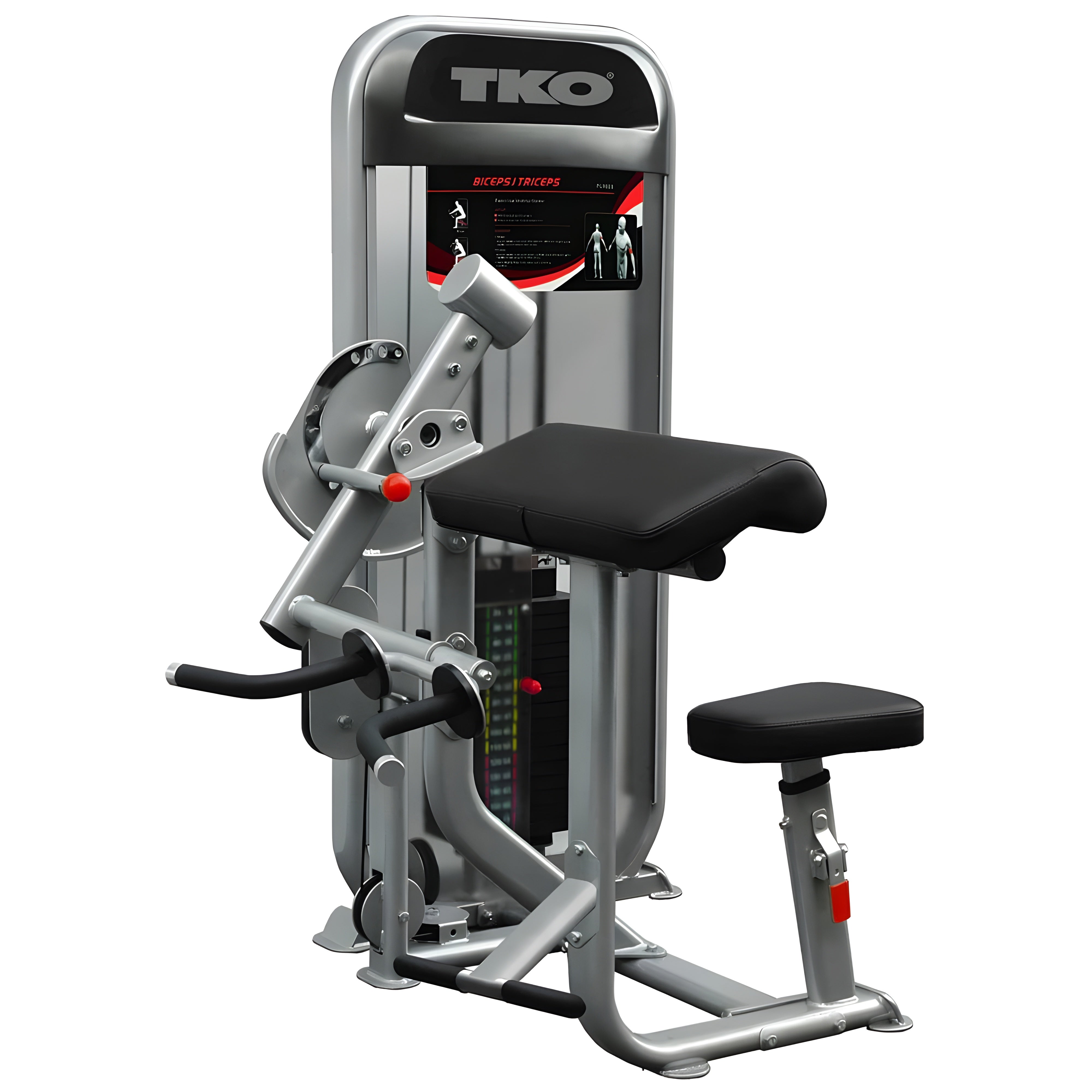 The TKO Dual Bicep and Tricep machine is built with heavy gauge, oval steel tubing that features a graphite colored finish for protection against ware, tear, moisture, scratches, and nicks.
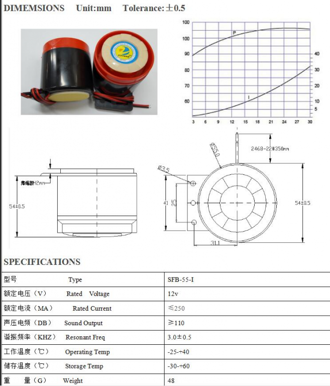 SIRENA PIEZOELETTRICA 12V110db 3000Hz A 12V
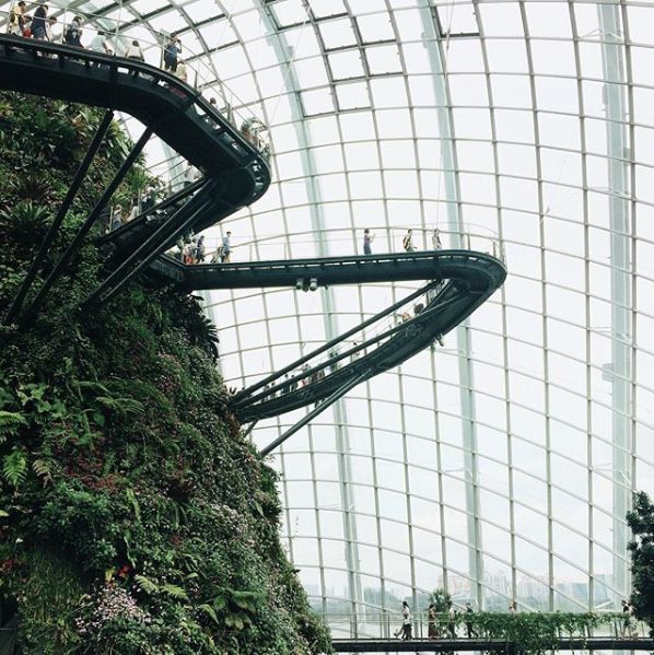 云雾林是新加坡滨海花园的一大特色,里面的人造高山和瀑布营造出的是一副世间独一份的仙境气氛。再加上富有现代抽象艺术气息的全透明外墙,仿佛穿越到百年之后的森林里。
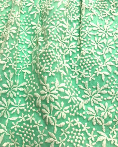 Faldita de Tul bordado y con fondo en verde menta, se ve lindísima, tiene cierre en la parte lateral, la puede combinar con una chamarra de mezclilla.
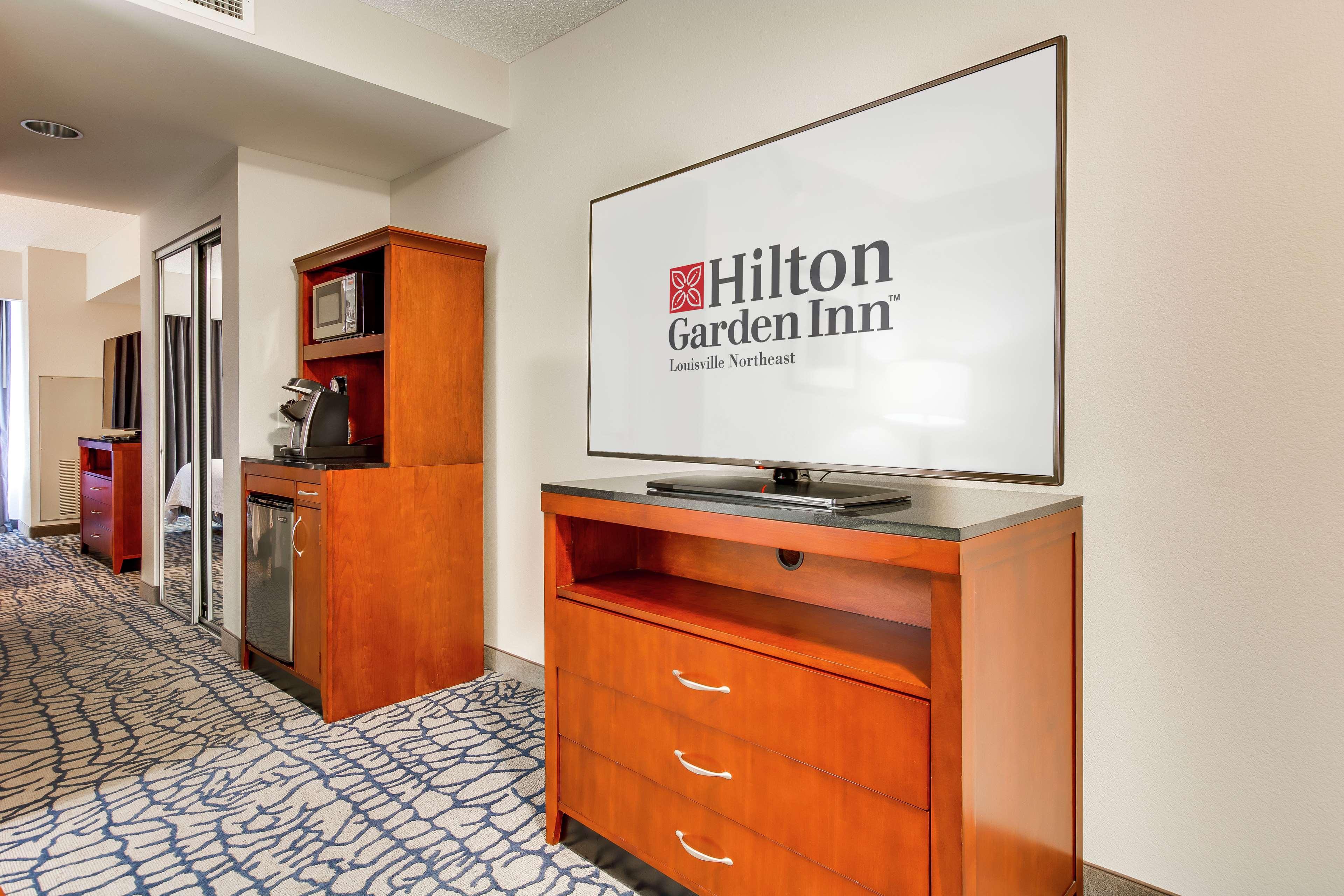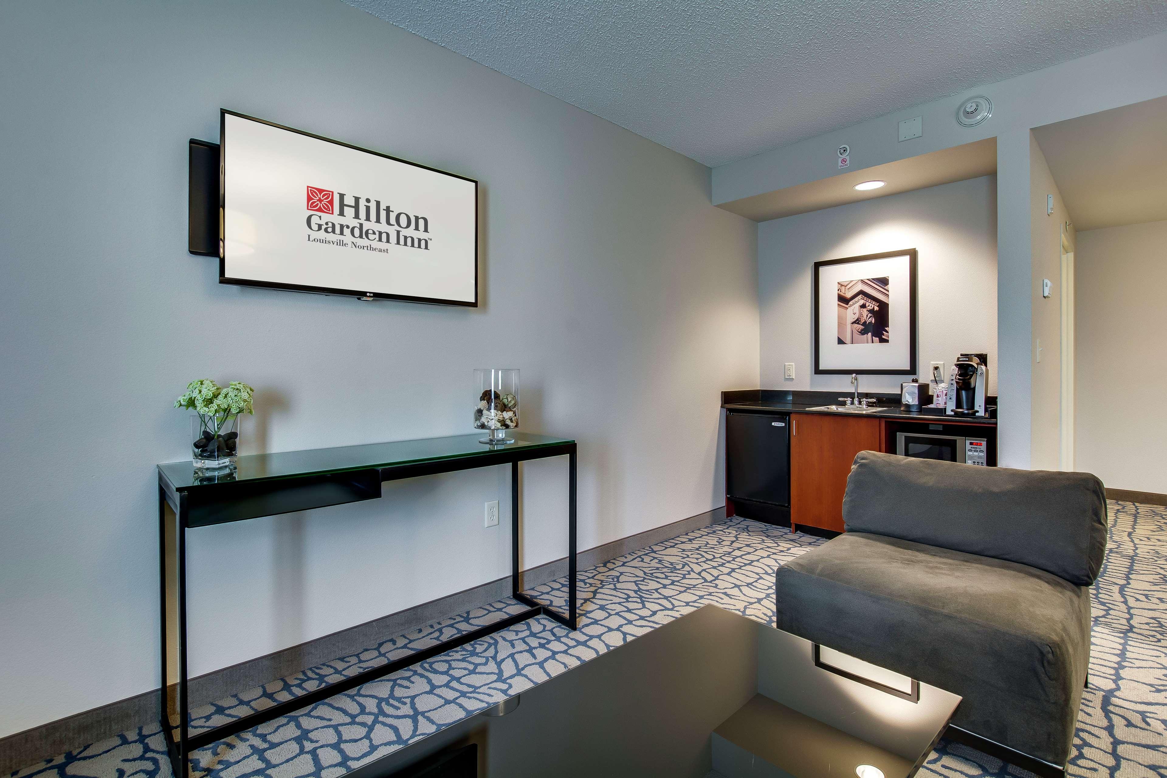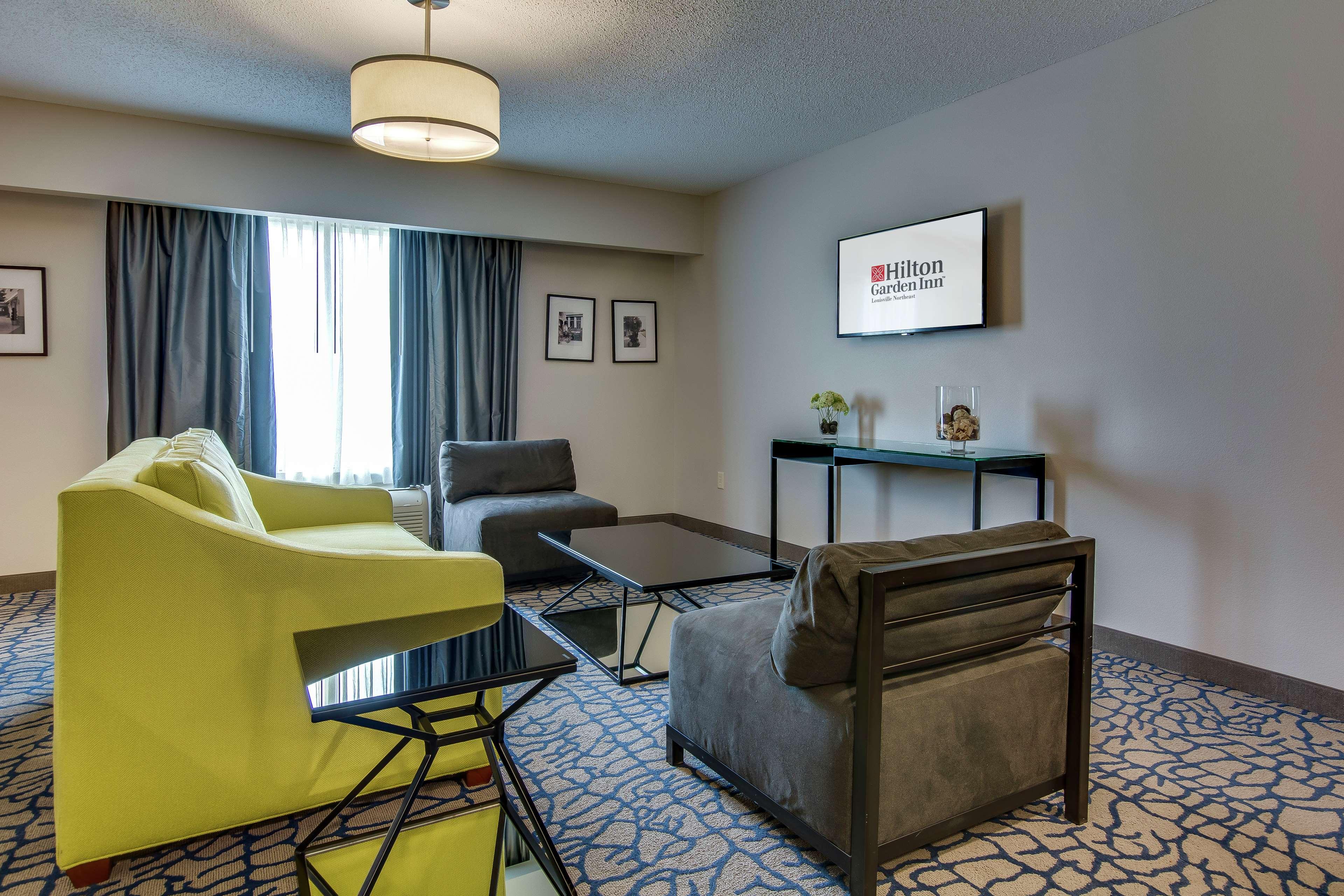 The following services and amenities are available, but with reduced service: Breakfast, Pool.The following services and amenities are currently not available: Airport Shuttle.Situated in northeastern Louisville, Kentucky, and adjacent to The Paddock Shops (formerly known as The Summit)- the Hilton Garden Inn Louisville Northeast hotel offers a luxurious accommodation ideally suited to both business and leisure travelers. Our stylish hotel is conveniently placed for guests to enjoy easy access to East End business districts and sporting activities, as well as numerous tourist attractions and entertainment. Dip into the best Kentucky has to offer when staying at our hotel in Louisville, and find the following attractions within easy driving distance: E. P. Tom Sawyer Park, Louisville Zoo, Louisville Science Center, The Paddock Shops, Waterfront Park, Louisville Slugger Museum. Business concerns are also easily taken care of when staying at our hotel. Discover local businesses and corporations such as: ADP, Anthem, Ford Truck Plant, Norton Brownsboro Hospital, UBS. For guests planning a business meeting or celebration, our Louisville hotel is also wonderfully equipped with ample meeting and event space, and provides a comprehensive range of amenities, such as: In-hotel business center, Audio/visual equipment rental, Hotel meeting space, High-speed Internet access in all hotel rooms, Express mail service. Retiring to our palatial guest rooms is a treat any traveler will enjoy. Discover our hotel's plush and practical furnishings and state-of-the-art amenities, such as: LCD Flat Panel TV with in-room movie channel and HBO, Microwave, mini refrigerator and coffee maker, Work desk with ergonomic Mirra chair, Hairdryer, iron and ironing board. Dining is a dream come true at our Louisville hotel, where guests will enjoy true Southern hospitality.
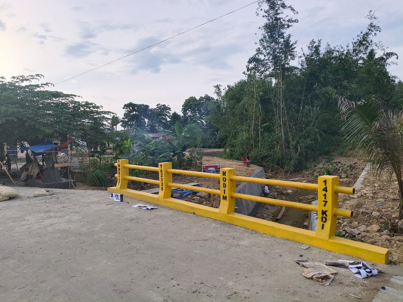 Kendari – Pembangunan jembatan dalam program TNI Manunggal Membangun Desa (TMMD) ke-127 di wilayah Kendari akhirnya resmi rampung dan siap digunakan oleh masyarakat. Infrastruktur yang didominasi warna kuning cerah ini menjadi simbol baru konektivitas antarwilayah yang sebelumnya sulit dijangkau. Rabu (11/3).
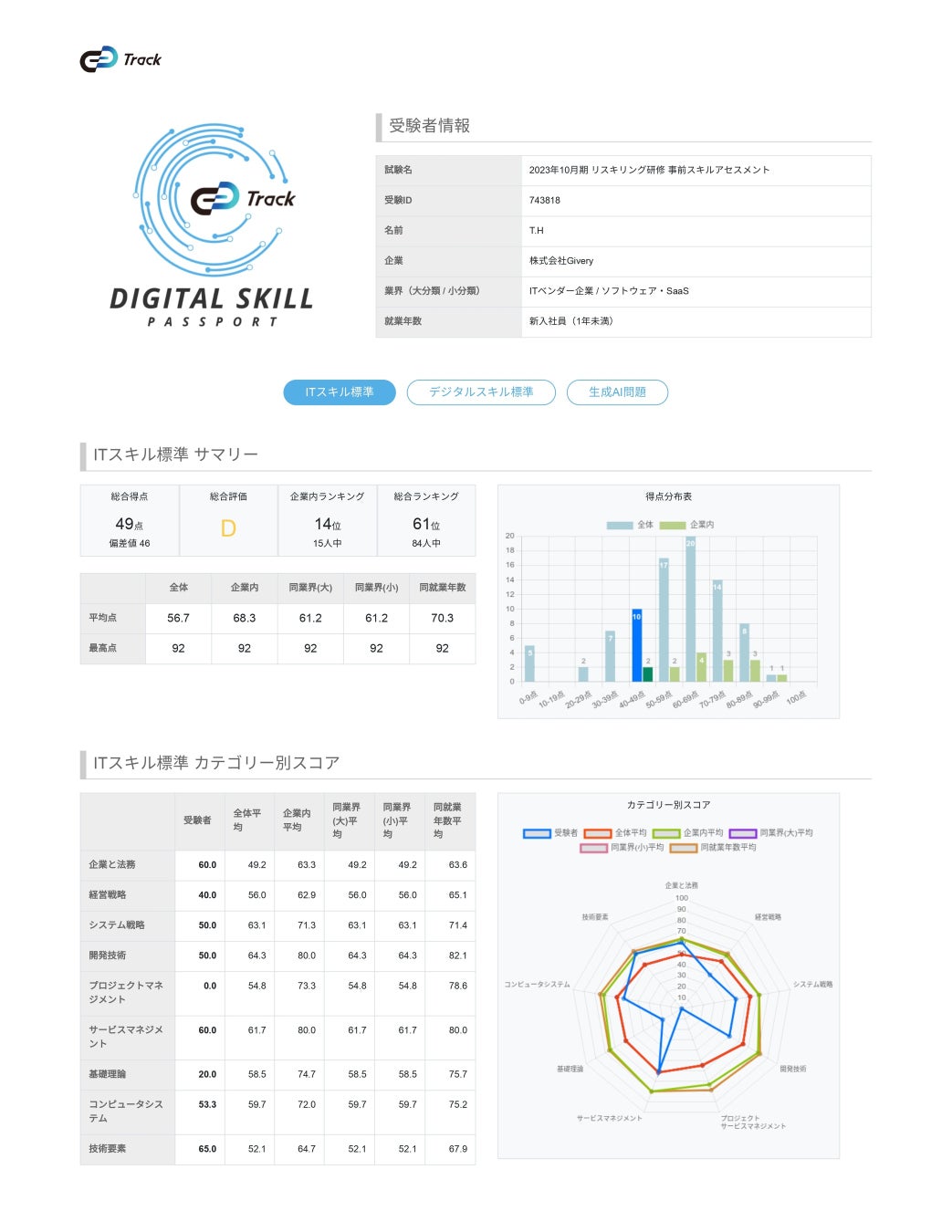 「デジタルスキルパスポート」は急速に浸透する生成AI領域にも対応しており、生成AIの概論や、実務で活用するうえで必要なモラル、プロンプトエンジニアリングなどの実践的な問題が含まれております。生成AI領域だけを抽出してスコアやレポートを確認することができ、受験者の生成AIスキルを可視化することが可能です。
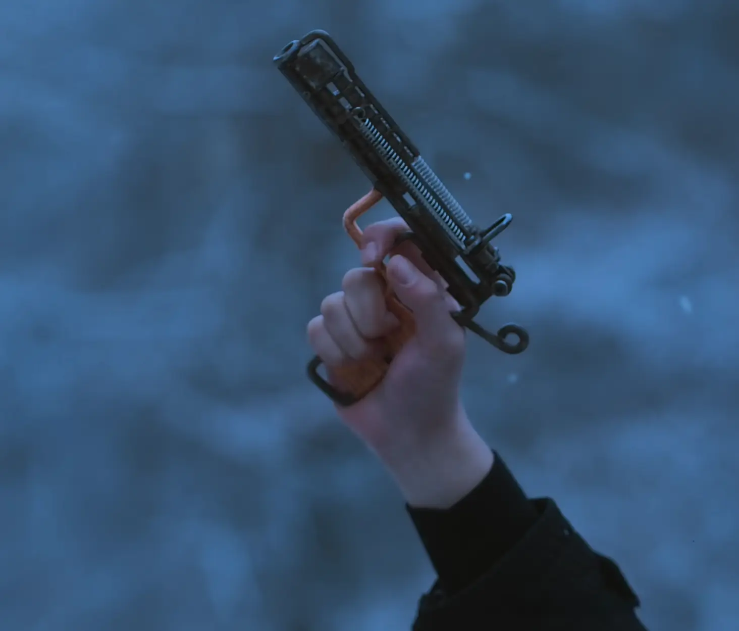 崔国明拿着自制的变速自行车车链子做了一把压火柴的火药枪,从投入来讲:这把火药枪贵啊,花了两万多。
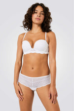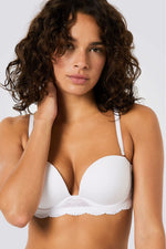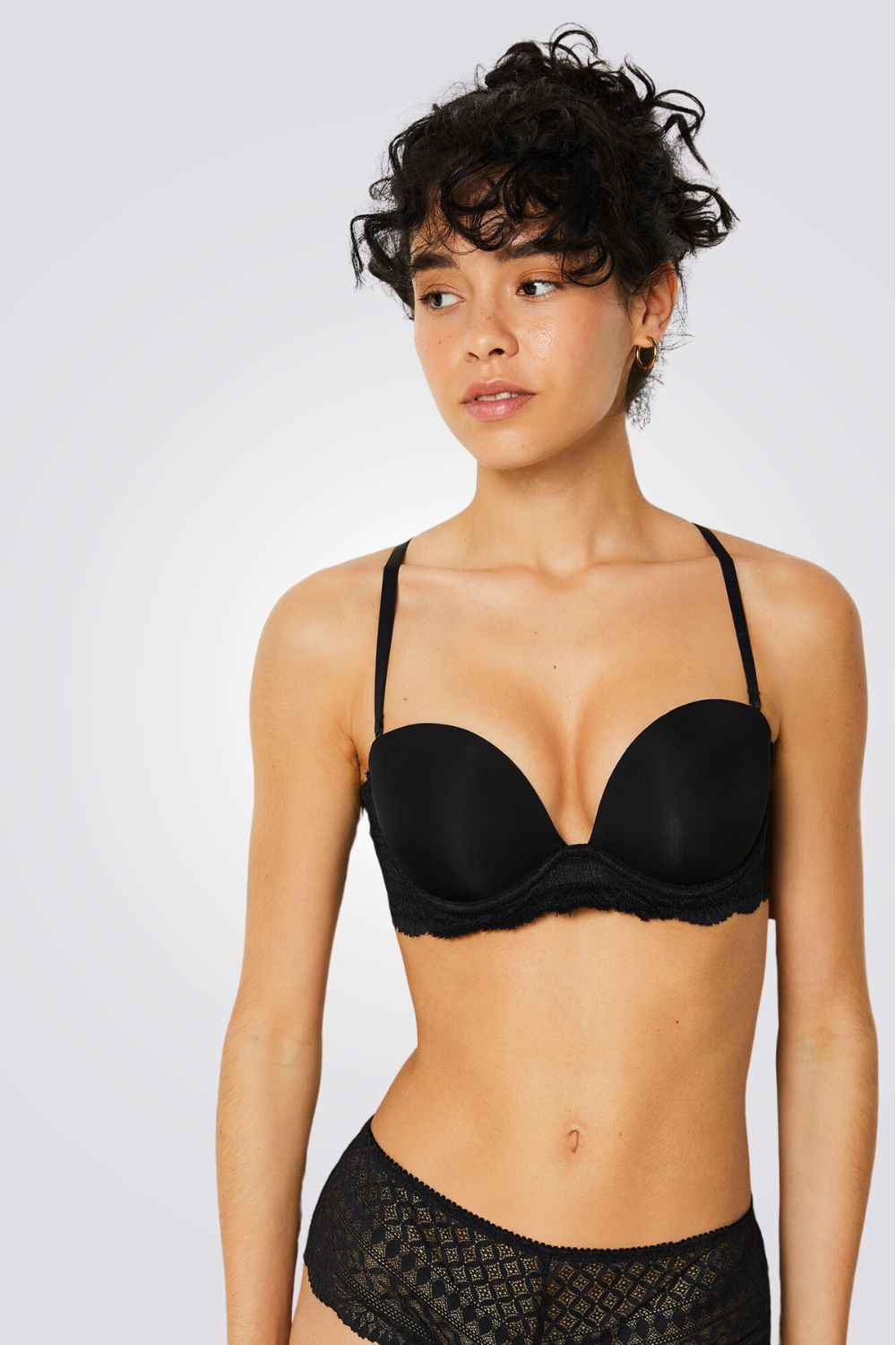 חזיית פוש אפ מבית המותג הצרפתי ETAM עשויה מבד עדין בעלת עיטורי תחרה בחלקה התחתון של החזייה ורצועות נשלפות המתאימות לגזרת סטרפלס.

◆ **TASK**: Drop every picture from the data, then output all the rest exactly.

◆ **TASK SOLUTION**:
 The TKO Dual Bicep and Tricep machine is built with heavy gauge, oval steel tubing that features a graphite colored finish for protection against ware, tear, moisture, scratches, and nicks.
 SIRENA PIEZOELETTRICA 12V110db 3000Hz A 12V
 云雾林是新加坡滨海花园的一大特色,里面的人造高山和瀑布营造出的是一副世间独一份的仙境气氛。再加上富有现代抽象艺术气息的全透明外墙,仿佛穿越到百年之后的森林里。
 Faldita de Tul bordado y con fondo en verde menta, se ve lindísima, tiene cierre en la parte lateral, la puede combinar con una chamarra de mezclilla.
 The following services and amenities are available, but with reduced service: Breakfast, Pool.The following services and amenities are currently not available: Airport Shuttle.Situated in northeastern Louisville, Kentucky, and adjacent to The Paddock Shops (formerly known as The Summit)- the Hilton Garden Inn Louisville Northeast hotel offers a luxurious accommodation ideally suited to both business and leisure travelers. Our stylish hotel is conveniently placed for guests to enjoy easy access to East End business districts and sporting activities, as well as numerous tourist attractions and entertainment. Dip into the best Kentucky has to offer when staying at our hotel in Louisville, and find the following attractions within easy driving distance: E. P. Tom Sawyer Park, Louisville Zoo, Louisville Science Center, The Paddock Shops, Waterfront Park, Louisville Slugger Museum. Business concerns are also easily taken care of when staying at our hotel. Discover local businesses and corporations such as: ADP, Anthem, Ford Truck Plant, Norton Brownsboro Hospital, UBS. For guests planning a business meeting or celebration, our Louisville hotel is also wonderfully equipped with ample meeting and event space, and provides a comprehensive range of amenities, such as: In-hotel business center, Audio/visual equipment rental, Hotel meeting space, High-speed Internet access in all hotel rooms, Express mail service. Retiring to our palatial guest rooms is a treat any traveler will enjoy. Discover our hotel's plush and practical furnishings and state-of-the-art amenities, such as: LCD Flat Panel TV with in-room movie channel and HBO, Microwave, mini refrigerator and coffee maker, Work desk with ergonomic Mirra chair, Hairdryer, iron and ironing board. Dining is a dream come true at our Louisville hotel, where guests will enjoy true Southern hospitality.
 Kendari – Pembangunan jembatan dalam program TNI Manunggal Membangun Desa (TMMD) ke-127 di wilayah Kendari akhirnya resmi rampung dan siap digunakan oleh masyarakat. Infrastruktur yang didominasi warna kuning cerah ini menjadi simbol baru konektivitas antarwilayah yang sebelumnya sulit dijangkau. Rabu (11/3).
 「デジタルスキルパスポート」は急速に浸透する生成AI領域にも対応しており、生成AIの概論や、実務で活用するうえで必要なモラル、プロンプトエンジニアリングなどの実践的な問題が含まれております。生成AI領域だけを抽出してスコアやレポートを確認することができ、受験者の生成AIスキルを可視化することが可能です。
 崔国明拿着自制的变速自行车车链子做了一把压火柴的火药枪,从投入来讲:这把火药枪贵啊,花了两万多。
 חזיית פוש אפ מבית המותג הצרפתי ETAM עשויה מבד עדין בעלת עיטורי תחרה בחלקה התחתון של החזייה ורצועות נשלפות המתאימות לגזרת סטרפלס.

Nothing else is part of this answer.